The Coast Community College District Board of Trustees succumbed

to intense pressure from the teachers’ union Wednesday night and

decided to pull a proposed 14% raise for seven top administrators

from its agenda.

Union President Tina Bruning raised concerns earlier in the week

that the raise was badly timed with the state’s budget crisis and

would violate the public trust after a $370-million facilities

improvement bond was passed last month.

The trustees agreed, unanimously voting to pull the raise from the

consent calendar, a list of items automatically approved as a whole

without public comment.

The board did approve a 5% raise for itself Wednesday over the

objection of Carol Burke, OCC’s president of the academic senate.

Trustee Walt Howald, in one of his last acts as president, said

the administrators’ raise should be removed because the trustees

didn’t have enough information on how their district would be

affected by the mid-year budget cuts. On Friday, Gov. Gray Davis

proposed slashing $215 million statewide from the community college

system.

Bruning breathed a sigh of relief, but she wasn’t finished.

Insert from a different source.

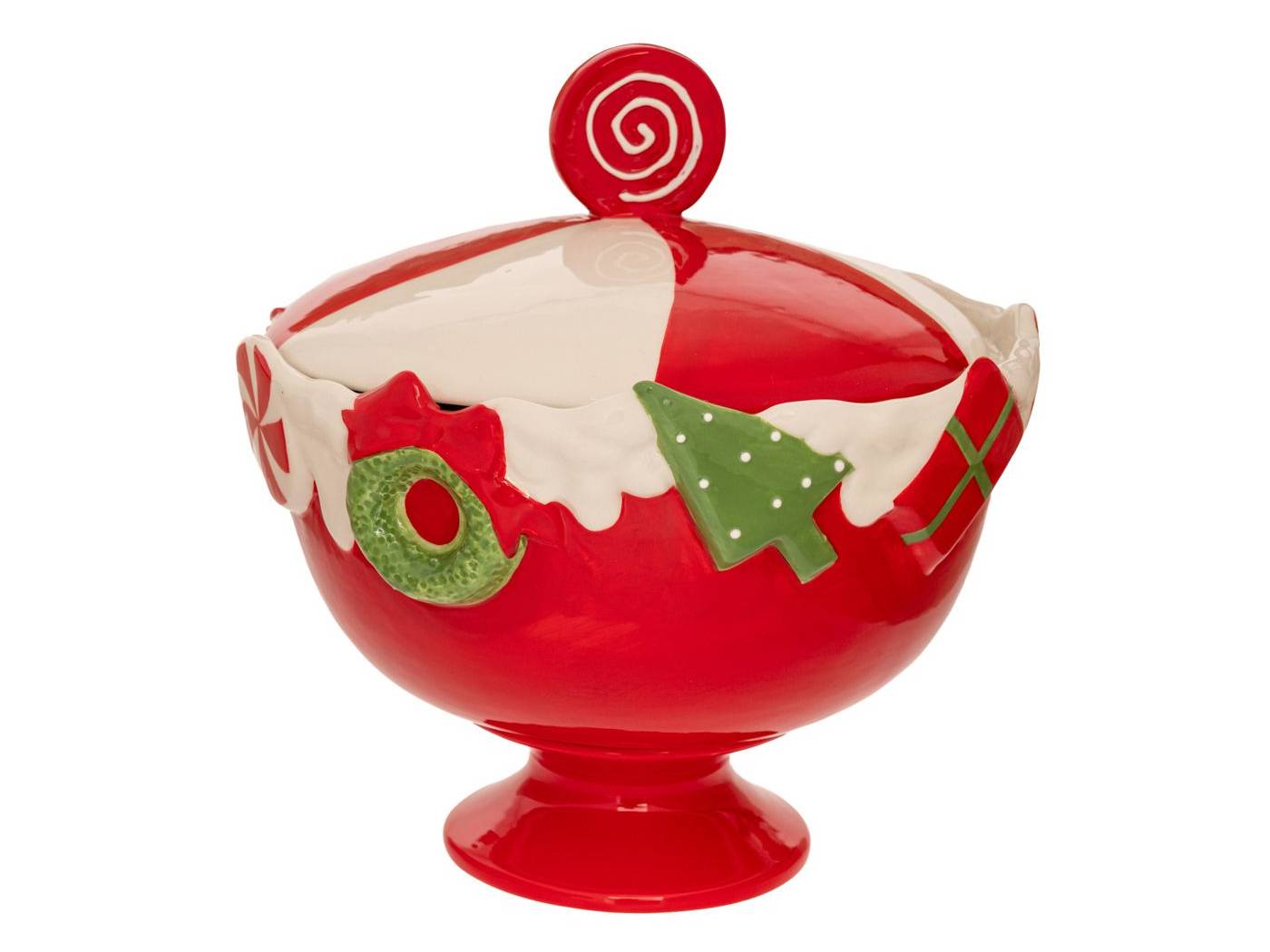 Κόκκινο λευκό κεραμικό μπολ καραμέλα με καπάκι με 22x22x24 εκ.-bigstore.gr
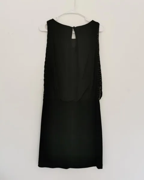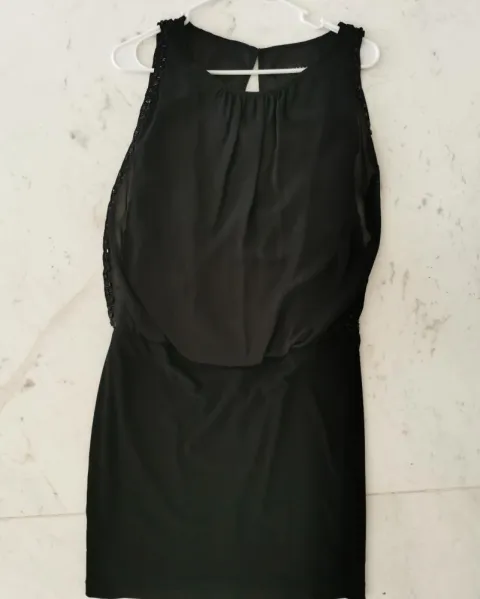 Vestido de coctel negro. Sin mangas. La parte superior es de tela de chifón transparente con bajo vestido. Tiene bordado de pedrería en las orillas de los lados. La falda es de tela tipo stretch. Talla 4.

“It means in the short run, they’re not giving raises, but we have

to watch them like a hawk, so they don’t give raises [in the future]

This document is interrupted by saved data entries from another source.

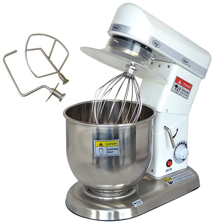 Планетарный миксер Hualian B7 используется на предприятиях общественного питания, торговли и пищевых производствах для замеса теста, творожных изделий, крема, мусса, пюре, суфле, сливок и соусов. Модель оснащена защитой от перегрева, блокировкой переключателя и индикатором. Материал изделия - высококачественная нержавеющая сталь.
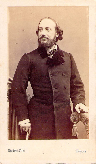 Gorgeous original and unsigned Carte-de-Visite (CDV) of the tenor by photographer Disderi, Paris. Size is 2.4 x 4.1 inches, pencil markings on verso, in excellent condition.
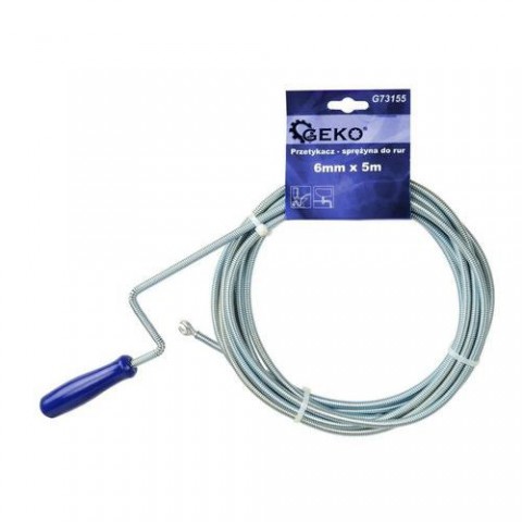 Neocenitelné protahovací pero vhodné pro odstranění přetížení vody a likvidace odpadních vod. Průměr drátu 6 mm, délka spirály 5 m. Z pozinkovaného pružinového drátu. Ergonomická rukojeť. Spirála dokončena dvojitým hákem.Pero na protahování odpadů, 6mm x 5 m, GEKO
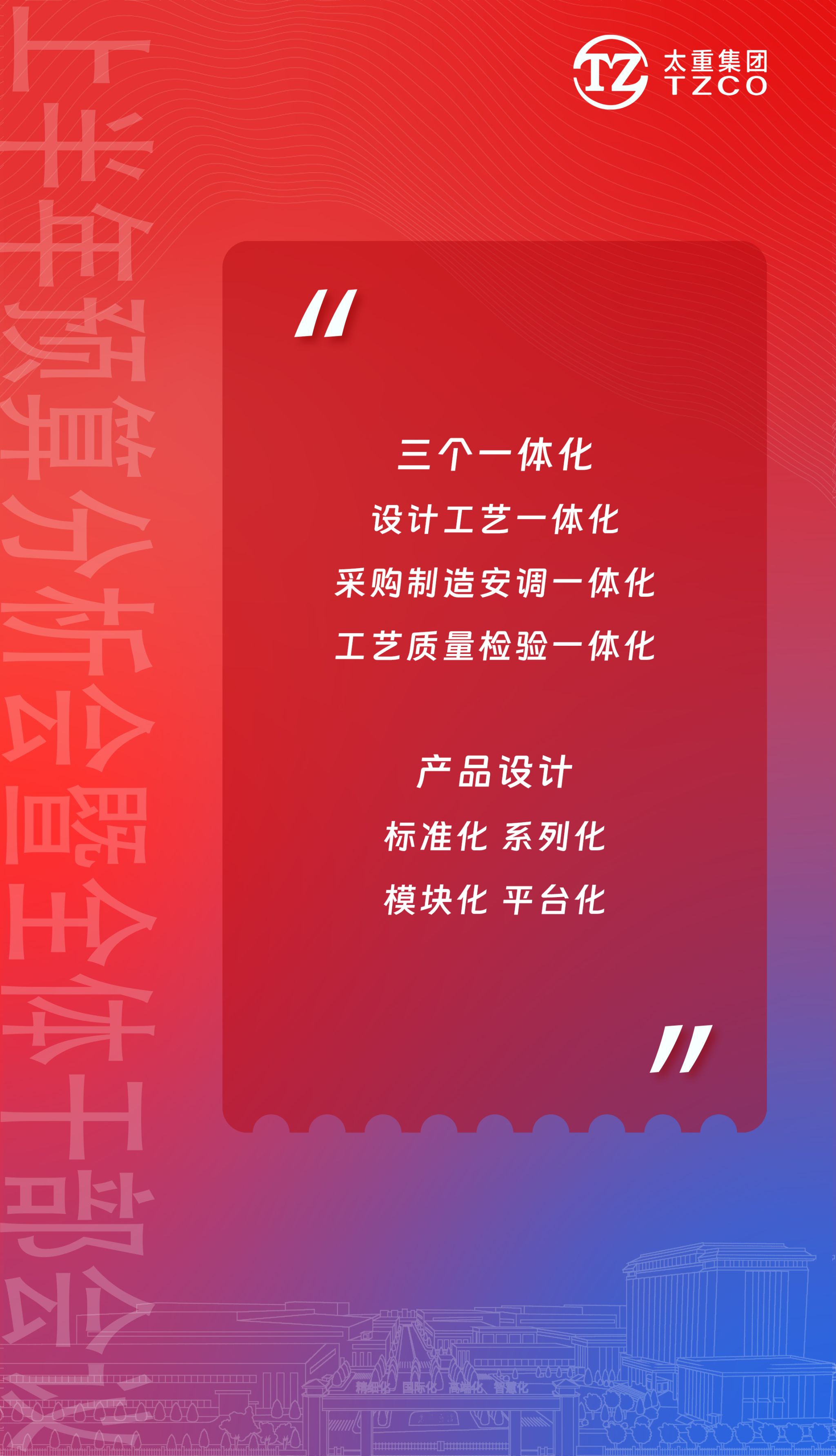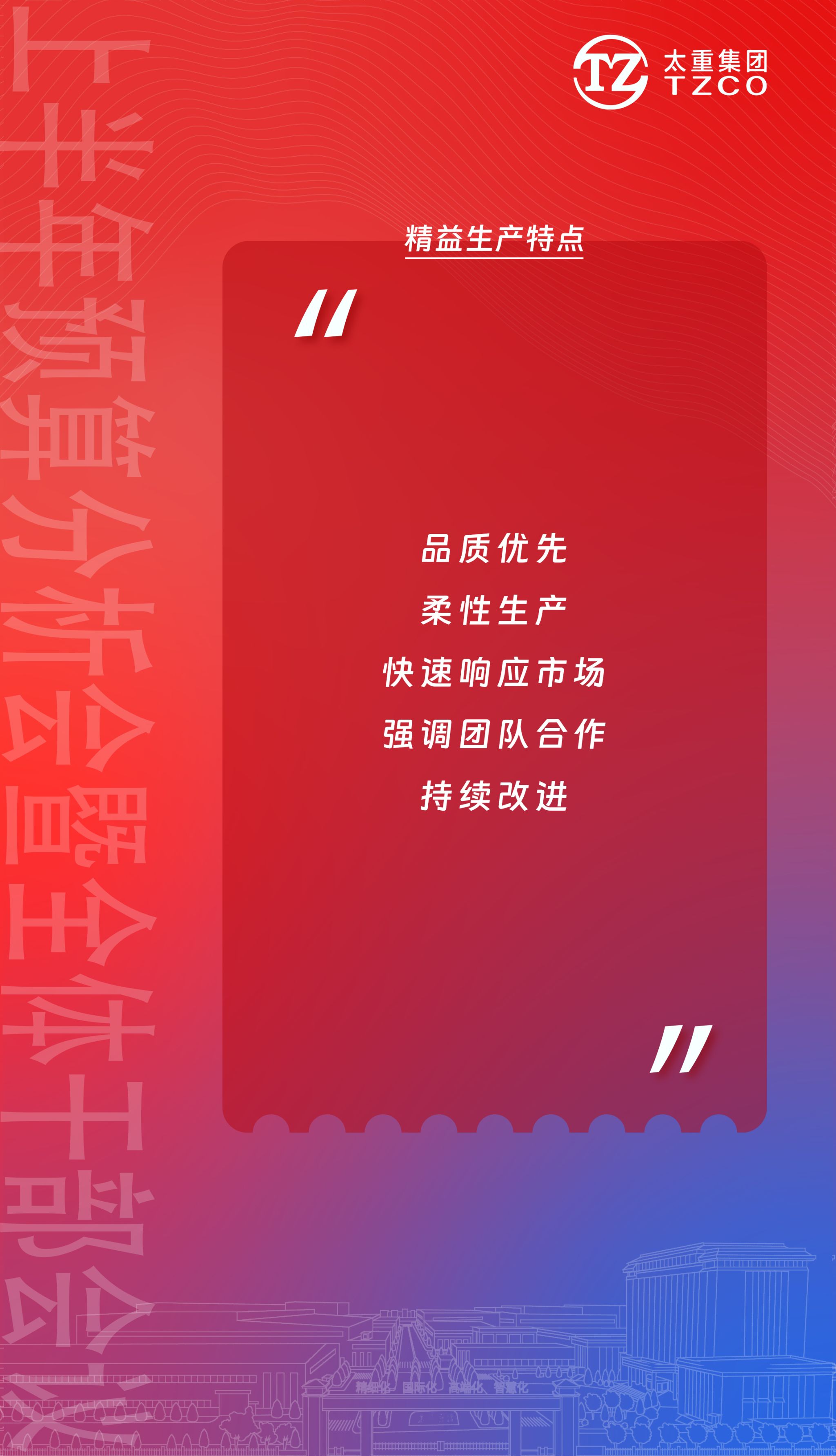 精益制造!制造精品!其理念就是為用戶提供更多的產(chǎn)品價值,以“精益制造”理念貫穿公司高質(zhì)量高速度發(fā)展之路,是所有太重人的必修課。
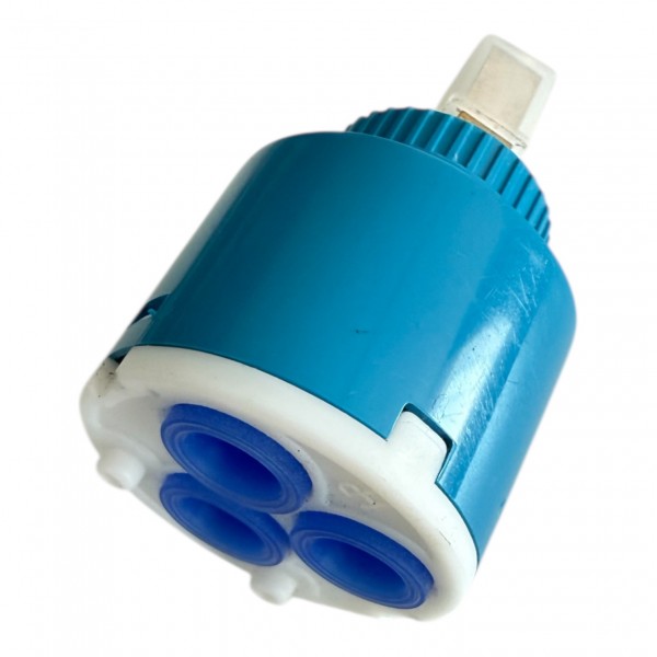 Картридж для змішувача представляє собою запірний клапан, виготовлений в формі конструкції з двома ковзкими керамічними пластинами - шайбами, які мають високу зносостійкість та стійкість до температур.

at the expense of students and classes,” Bruning said.

The raises would have benefited the district’s three college

presidents, three vice chancellors and the president of KOCE-TV. The

proposal came after a 3% cost-of-living adjustment given to all

district employees earlier this year.

Vice chancellor John Renley, who with other administrators

proposed the increase, said the raises would be primarily necessary

to find high-caliber candidates for the college presidencies.

The district is having trouble finding a replacement for Margaret

Gratton, the Orange Coast College president who left earlier this

year. The position is being filled by interim president Gene Ferrell.

Renley said administrators had discussed their low salaries for a

while, but it took on new urgency last year when the district began

searching for a president not only for OCC, but Coastline College.

The latter position was filled, but the new president took a pay cut.

For the college presidents and vice chancellors, the annual salary

starts at about $127,000, Renley said. The raise would increase that

figure to about $145,000.

Renley said the vice chancellors also deserve the raise because

they perform responsibilities similar to the president.

Bruning began voicing the union’s concerns last week.

On Wednesday, she received verbal assurances from Chancellor Bill

Vega and trustees Jerry Patterson and Howald that they would remove

the raises from the agenda.

She said the difficulty finding quality candidates for the OCC

presidency is because the trustees started the search process late,

not because of the salary.

After the vote to remove the administrators’ raises from the

consent calendar, Tamar Goldmann, a literature and language teacher

at OCC, pointed out that the $60,000 that would be saved could fund

five freshman composition courses in the spring.

* DEIRDRE NEWMAN covers education. She may be reached at (949)

574-4221 or by e-mail at deirdre.newman@latimes.com.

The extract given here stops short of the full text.